When inhaled, N2O produces less sensitivity to pain preceded by a mild euphoria. This discovery led to its principal use in medicine as an anesthetic in surgical operations of short duration. (2)

Dentists find it particularly useful for calming anxiety in nervous patients.

Easy to obtain with brief euphoric effect, recreational drug users also favor laughing gas. A common method for getting a “legal high” is via small pressurized canisters known as “whippits” on the street. Manufacturers use nitrous oxide as a propellant in dispensers of whipped cream and other foods.

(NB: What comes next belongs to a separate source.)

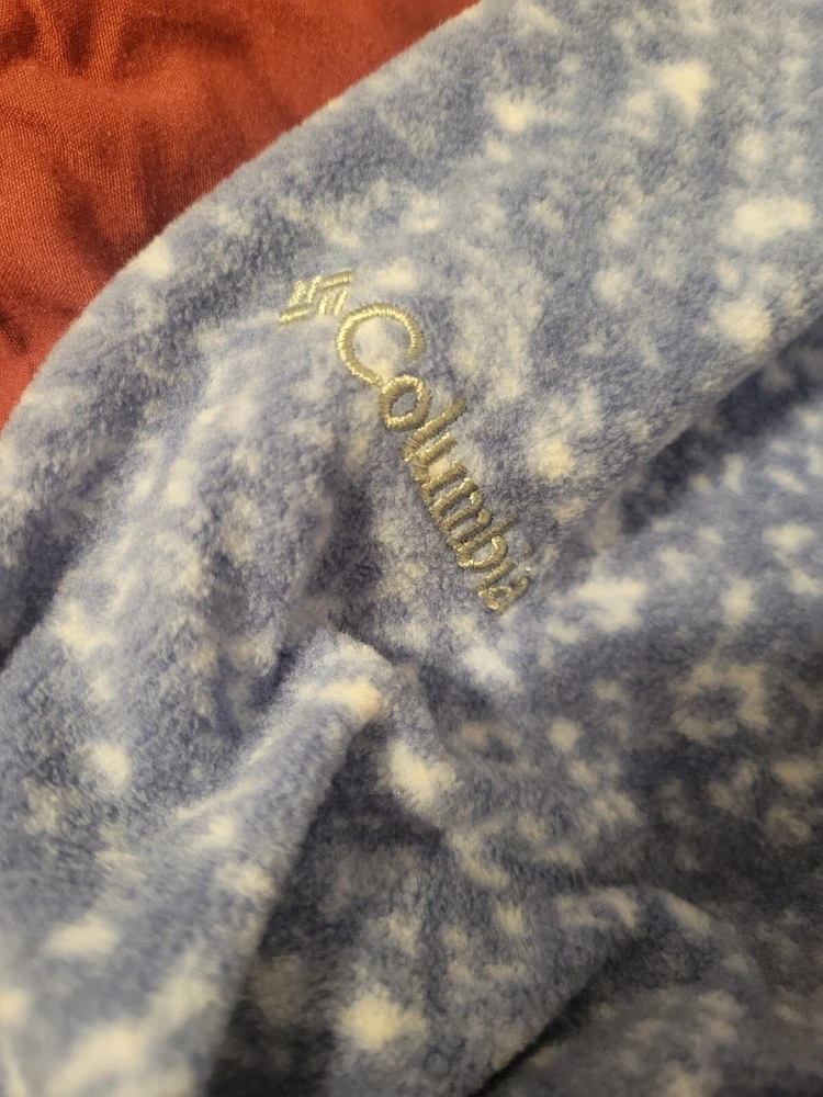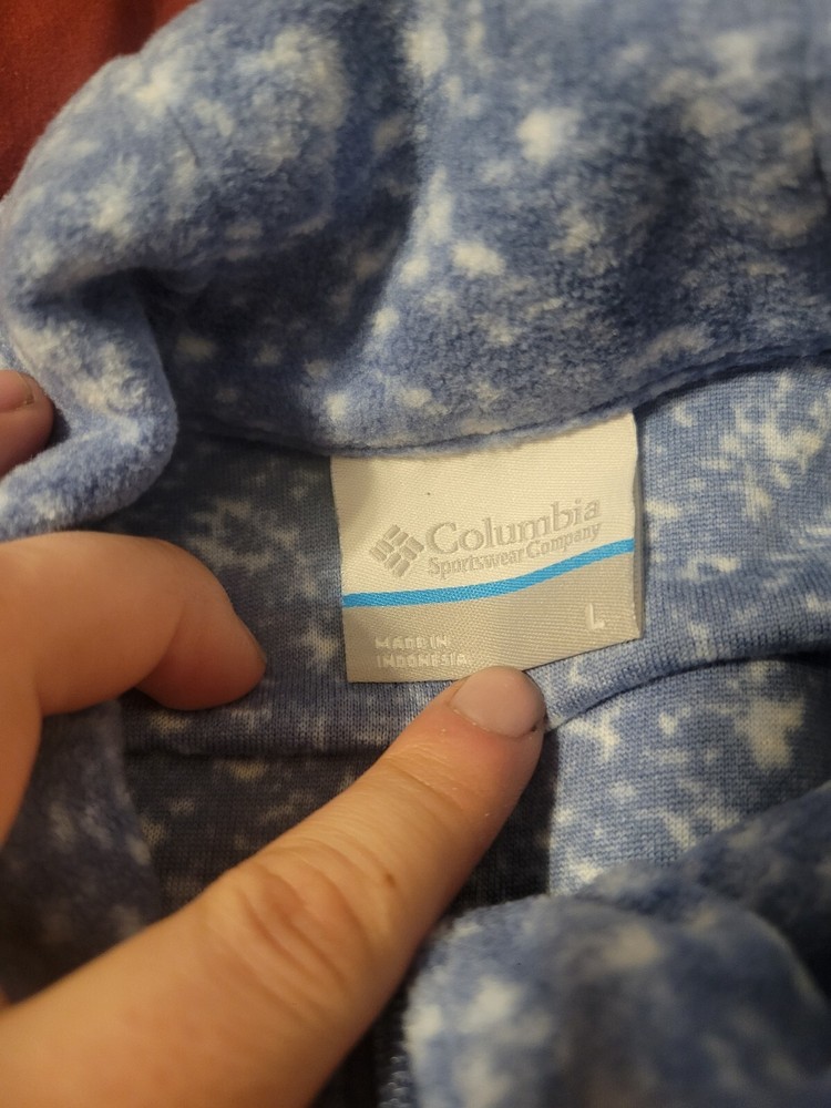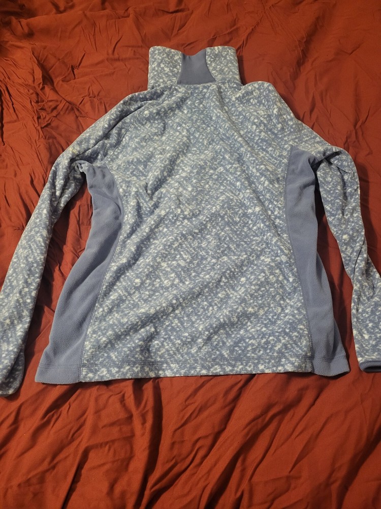 Columbia Pullover Sweater Womans Size Large Fleece Quarter Zip Blue And White Cozy activewear winter sweater Great condition No rips holes or stains...

Nitrous Oxide vs Nitric Oxide vs Nitrogen Dioxide

Many people confuse laughing gas, aka nitrous oxide (N2O) with nitric oxide (NO). It is also occasionally confused with nitrogen dioxide (NO2).

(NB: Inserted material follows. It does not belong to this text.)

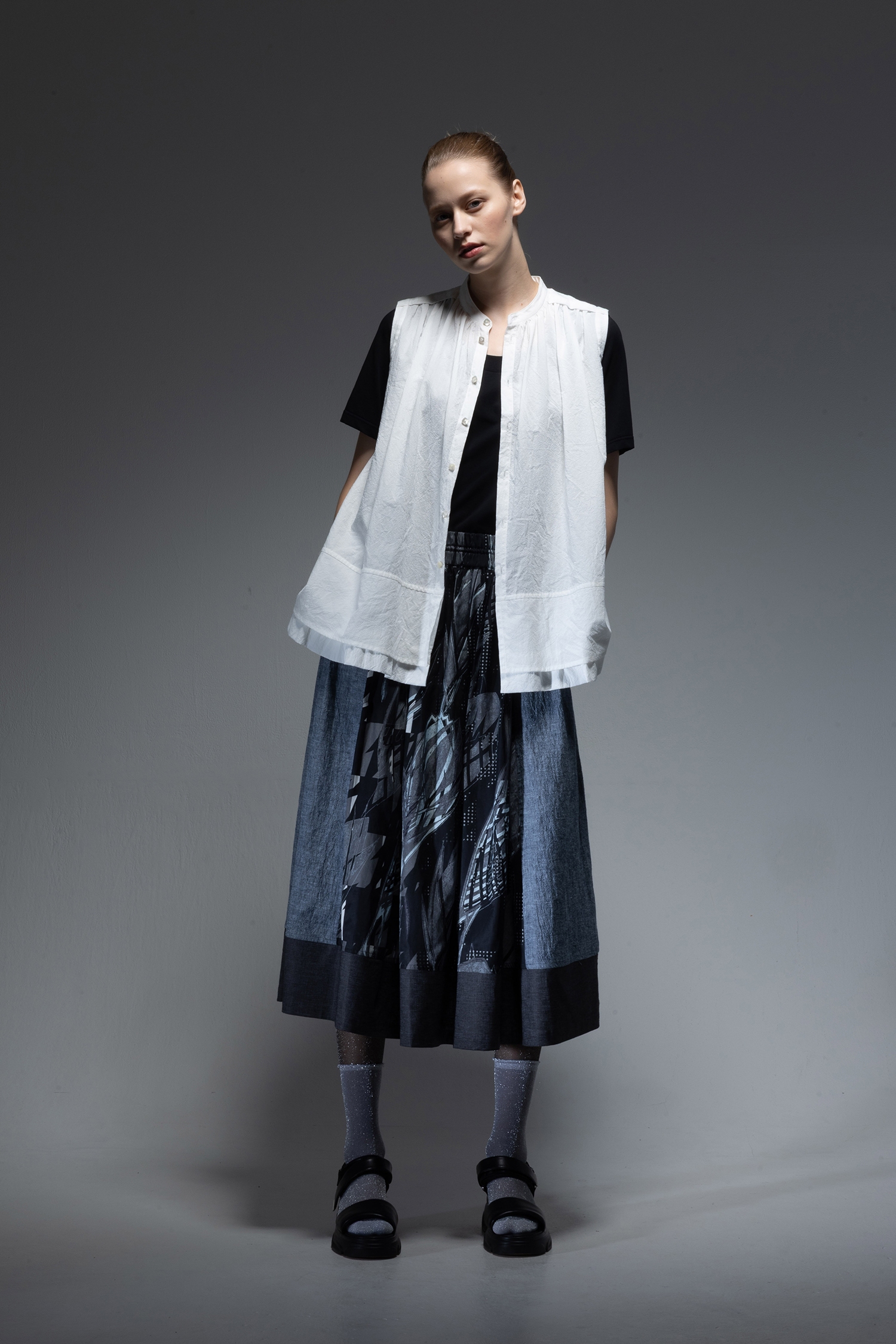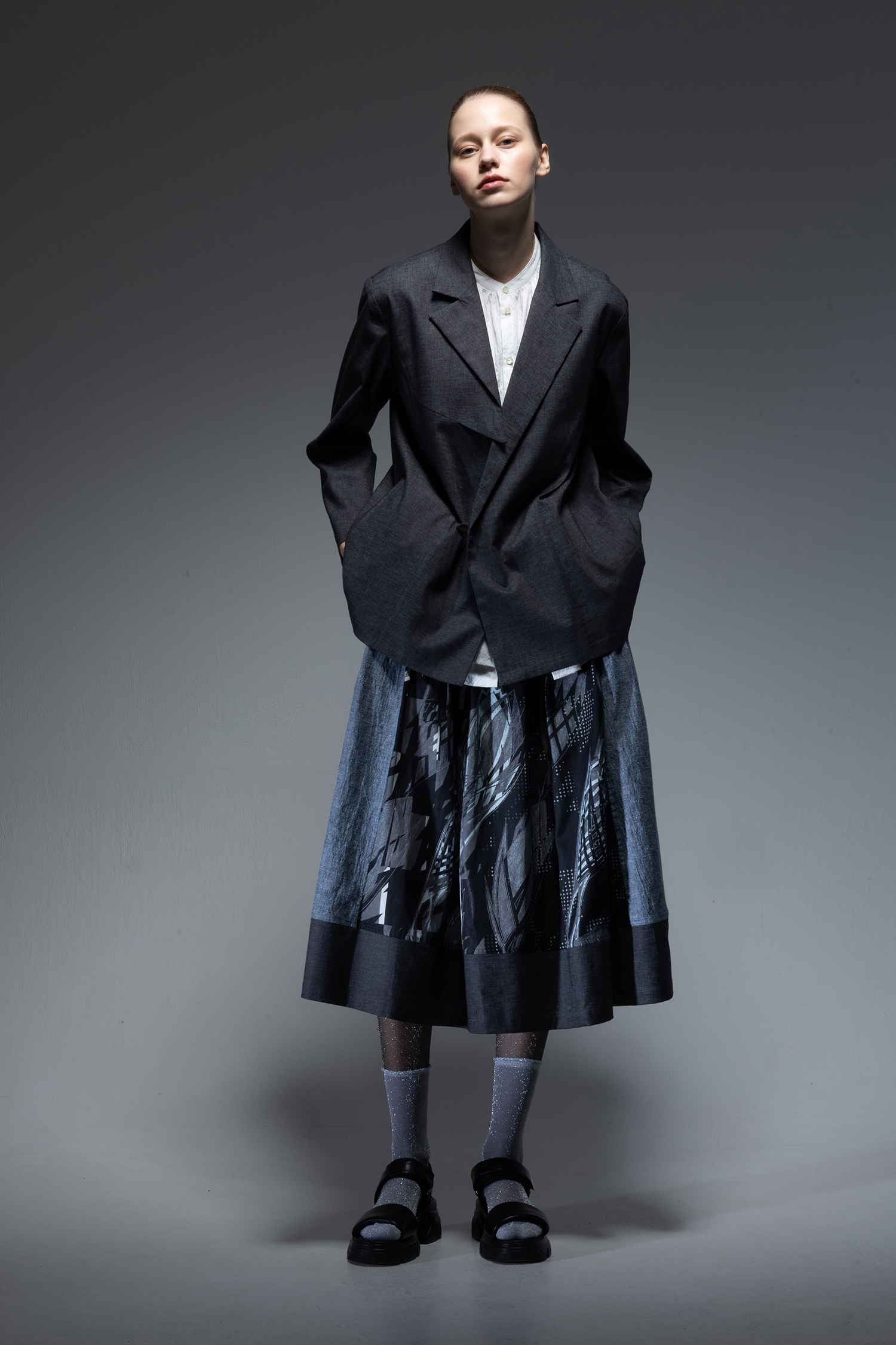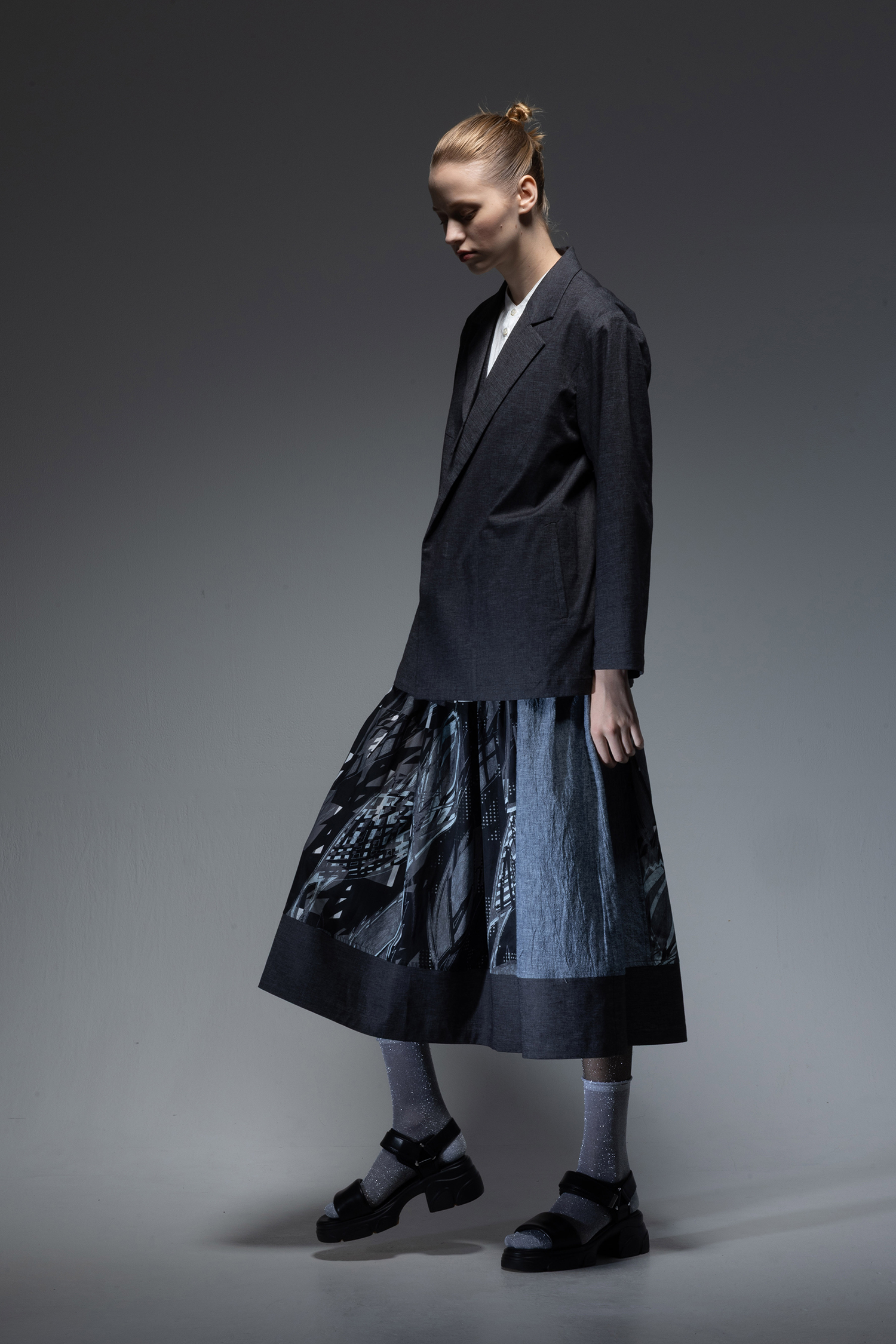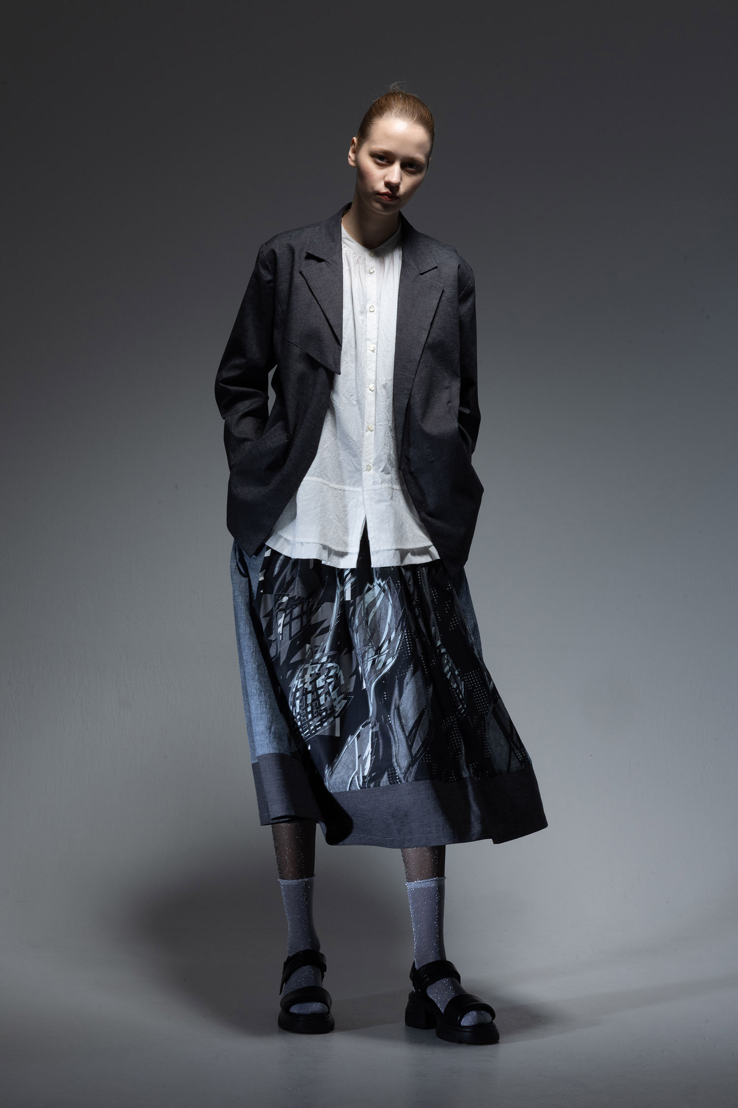 身頃中央には ”メタファー サンダー ” プリント キュプラ/コットン ツイル素材、脇にはムラ染めしたインディゴ糸で織られたウォッシュド コットン/ヘンプ シーチング素材、裾にはシャンブレー チャコール色 オーガニックヘンプ/リサイクルポリエステル タイプライター素材を組み合わせた、膝下丈ギャザースカート。

Let’s clear up the huge differences between these three compounds!

A single atom of nitrogen combines with a single atom of oxygen to produce nitric oxide (NO). It is naturally produced by the body and improves circulation by relaxing the blood vessels, thereby lowering blood pressure. Neurologically, people experience increased NO as an overall calming effect. (3)

Those of you who do yoga may know that one of the main goals of yogic nose breathing is to increase levels of nitric oxide in the body.

Laughing gas (N2O) is also very different from nitrogen dioxide (NO2), which has a dark brown color and is considered an air pollutant. NO2 is an intermediate compound in the industrial synthesis of nitric acid and used in the production of fertilizers. It gets into the air primarily via the burning of fuel. (4)

When is Laughing Gas Used?

Prior to the advent of epidurals, many obstetricians recommended laughing gas for their patients during labor. In fact, some women are opting for nitrous oxide inhalation sedation once again, viewing it as a comfortable and safe middle ground between natural birth and medicated birth.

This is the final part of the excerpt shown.